«Ради меня мама ушла из института»

– Моя мама очень красивая. Всю жизнь тщательно следит за собой и к здоровью относится чрезвычайно сознательно: питается правильно, голодает два раза в неделю, поэтому, несмотря на солидный возраст, решила жить одна, чтобы мы не позволяли ей «рассиживаться». Но главное – она не утратила интереса к жизни: любит знакомиться с новыми людьми, и подруги у нее гораздо моложе. Им интересно вместе, – говорит Евгений Стеблов. «Театрал» продолжает спецпроект, посвященный мамам знаменитых артистов.


–Имя у мамы тоже очень красивое – Марта. Так назвал ее мой дедушка Борис, и с этим связана интересная история. Дед родился на Черниговщине, прекрасно пел: однажды его услышал отдыхавший на даче преподаватель по вокалу Киевской консерватории и пригласил на свой курс. А вскоре студентов отправили на практику в Италию, и мой дед вместе с сокурсниками оказался в «Ла Скала» – в опере «Марта» играл юношу, который влюблен в главную героиню. Так что свою дочь он прозвал Мартой – в память о том спектакле.

«Поставьте его на ноги»

Мамина юность проходила сложно, поскольку многое перечеркнула война. В 1942 году она, вернувшись из эвакуации, пошла доучиваться в десятый класс – в школу рабочей молодежи, где и познакомилась с моим будущим отцом. А затем устроилась пионервожатой в школу на Сретенке. У мамы был педагогический талант. В ее пионерской комнате старшеклассники пропадали все перемены, устраивали литературные диспуты и прочее. Интересно, что среди них был и Тимур Гайдар – отец Егора.

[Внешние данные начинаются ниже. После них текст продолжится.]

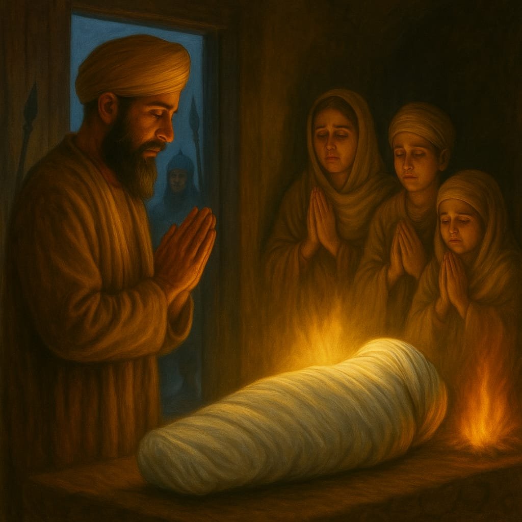 रात का समय था… दिल्ली की गलियाँ सन्नाटे में डूबी थीं। चारों ओर मुग़ल सैनिकों का पहरा था।यहीं, रकाबगंज क्षेत्र में, लख्खी बंजारा अपने घर के भीतरगुरु तेग बहादुर जी के धड़ का अंतिम संस्कार करने की तैयारी में था।उन्होंने अपनी पत्नी और बेटे को देखा,उनके चेहरों पर भय नहीं, बल्कि भक्ति और निश्चय का तेज़ था।

Время было тяжелое: случилась накладка, и родители с опозданием получили аттестат, поэтому не смогли поступать туда, куда хотели. Вместо педагогического мама пошла в мединститут, а папа – в энергетический. Поженились они на втором курсе, а уже на третьем (то есть в 1945 году) родился я и принес немало хлопот. Например, в младенчестве я тяжело заболел диспепсией. Мама рассказывала, что когда профессор приехал осмотреть меня, то даже приложил зеркало к губам, чтобы проверить, жив ли ребенок. Тогда он маме сказал: «Вот ваш университет. Когда поставите его на ноги, тогда и пойдете учиться!» И по совету врача мама с папой вывезли меня зимой в подмосковные Снегири. Они меня «вытянули», но маме для этого пришлось уйти из мединститута.
Зато потом мама поступила в учительский институт (где готовили учителей начальных классов), а затем в педагогический прямо на третий курс. А когда я учился в школе, маму вдруг назначили директором соседней школы, и я с тех пор не имел права лениться. Это считалось позором, если у директора школы сын отстает в учебных дисциплинах. Но мне плохо давался английский язык, учительница вынуждена была ставить мне двойки, но при этом вызывала маму. Мама хваталась за голову – дома мне нанимали репетитора, я подтягивался, и за четверть выходила тройка. Но вообще мама в ту пору держалась очень строго – с трудом шла на компромиссы, и никакие оправдания не помогали. Получил двойку – значит, будешь исправлять.

 


«Пусть поступает, как сумеет»

– И все равно, несмотря на внешнюю строгость, у моих родителей всегда был романтический взгляд на жизнь. Отсюда и любовь к театру, которая, как теперь я понимаю, сопровождала все мое детство. Например, в три года я снова тяжело заболел и вынужден был много времени проводить в постели. Чтобы я не скучал, папа купил пластилин, вылепил из него кукольную голову, а из дореволюционного металлического конструктора смастерил маленькую сцену. Так в моей кровати появился кукольный театр. А позже театральную традицию продолжила мама. Когда мне было лет шесть и мы с ней поехали в пионерлагерь (мама работала старшей вожатой), она познакомила меня с кукольницей, актрисой, которая в том же лагере обучала детей делать куклы из папье-маше. Весь наш дом после этого лагеря был в куклах. И тростевые, и куклы-петрушки, и куклы механические, всякие были. Родители очень поддерживали мое увлечение, переросшее потом в актерскую профессию.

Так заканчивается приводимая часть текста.